Swinging Mud Buddha
Release year: 2019
Run time: 62
Film type: Documentary
In Juhe Village, Tongfang Town, Changting County, Fujian Province, the lord Guan (Xietian the Great) visits the fields on the thirteenth day of the first lunar month. The local people are used to calling this event the “Mud Buddha” or “Crazy Mud Bodhisattva”, though it is officially named “Awaken Springfield ”. Juhe is a Hakka community where people of multiple clan names live together. “Awaken Springfield” is a local carnival festival where blood relationship and geography are the double link. Each year, the chief fushou changes according to the unit “shed”, which breaks the clan boundaries. The chief fushou is responsible for treating the god, building jiao, feasting with guests, accompanied by ship lamps, green lion gongfu, ten-fold opera, and other activities, all in order to entertain the god as well as the locals. Young men of each clan surname will relay the lord Guan from one field to another, and run and play in different fields which belong to different clans. This kind of activity, in which people and god are happy together, will last for a whole day, from morning to night, from one end of the village to the other end, and will take place on every clan name’s field, such as Liu, Hu, Chen, Wang, Ma, Huang, or Zeng. In the past, when there were no chemical fertilizers and pesticides, villagers used this method to reduce pests and awaken the spring fields with vigorous vitality.

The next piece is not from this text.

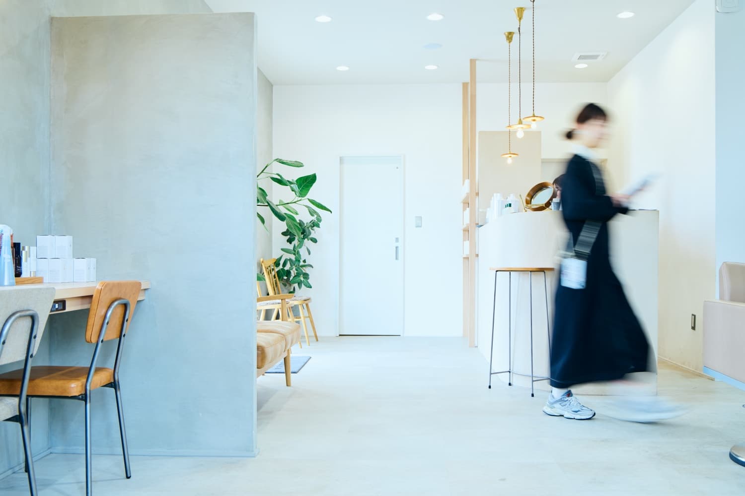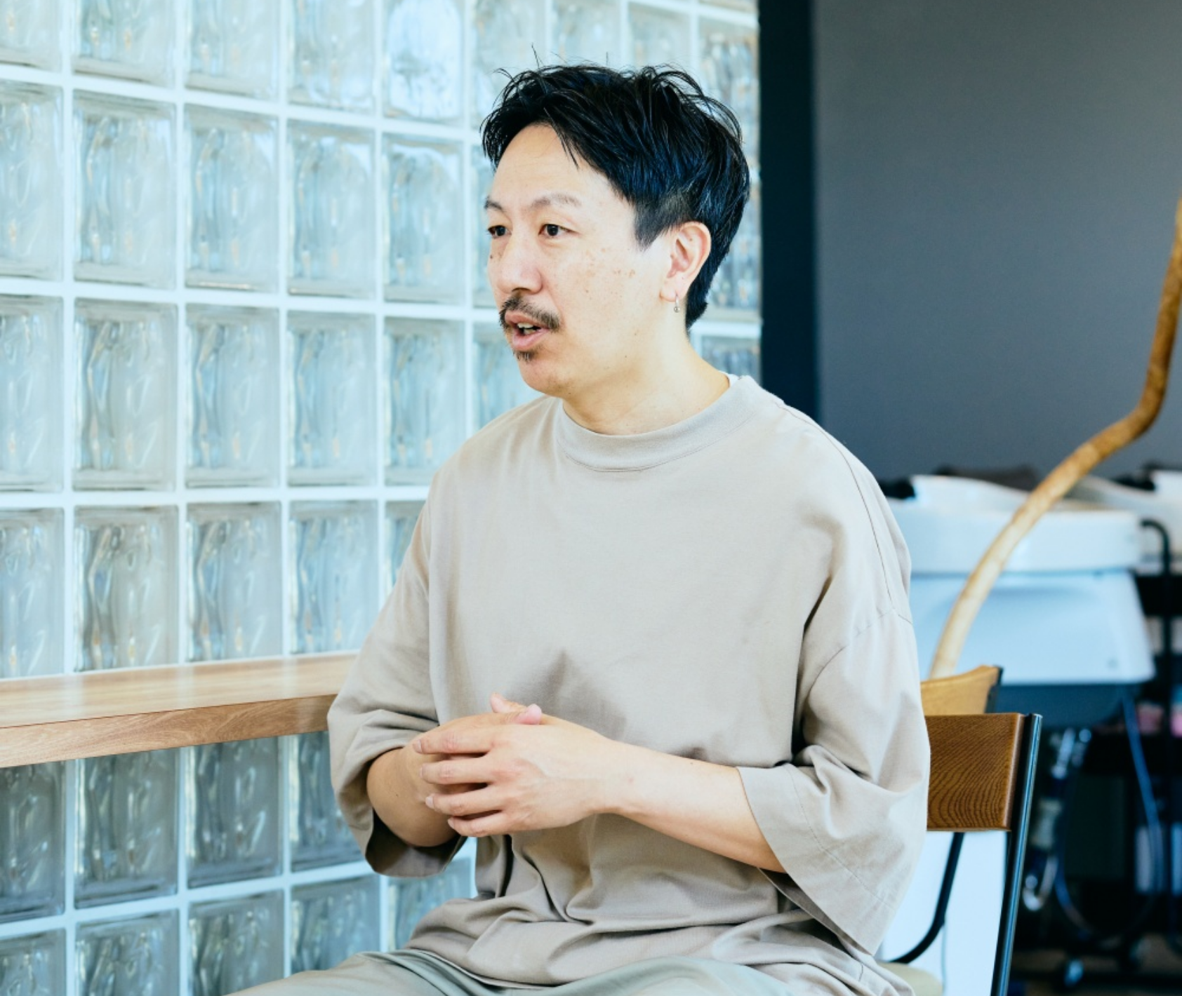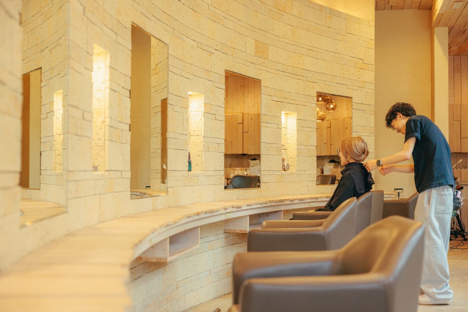 「美容室のデザインでは、トレンドを取り入れつつも、長く使えるデザインにすることを意識しています。流行を追いすぎるとすぐに古くなってしまうこともあるので、Atelier OUさんと相談しながら、時代に流されないおしゃれな空間づくりを心がけています。また、Atelier OUさんはこれまで多くの美容室を手掛けているので、動線設計などのノウハウが豊富です。椅子の間隔やシャンプー台の配置、照明の明るさなど、細かい部分を安心して任せられるのも大きな魅力ですね。」

Original named Ning Yuanguai, Gui is a poet and independent documentary director. He was born in 1967 in Ninghua County, a mountainous Hakka area in the northwest of Fujian Province. Gui has finished four documentaries about local Hakka folk culture: Yukou Paper, Old Genealogy, Chronicles of Hulling Rice, and Revive. He has also directed several short films, including Wugong Sutra and The Ballad of Spring.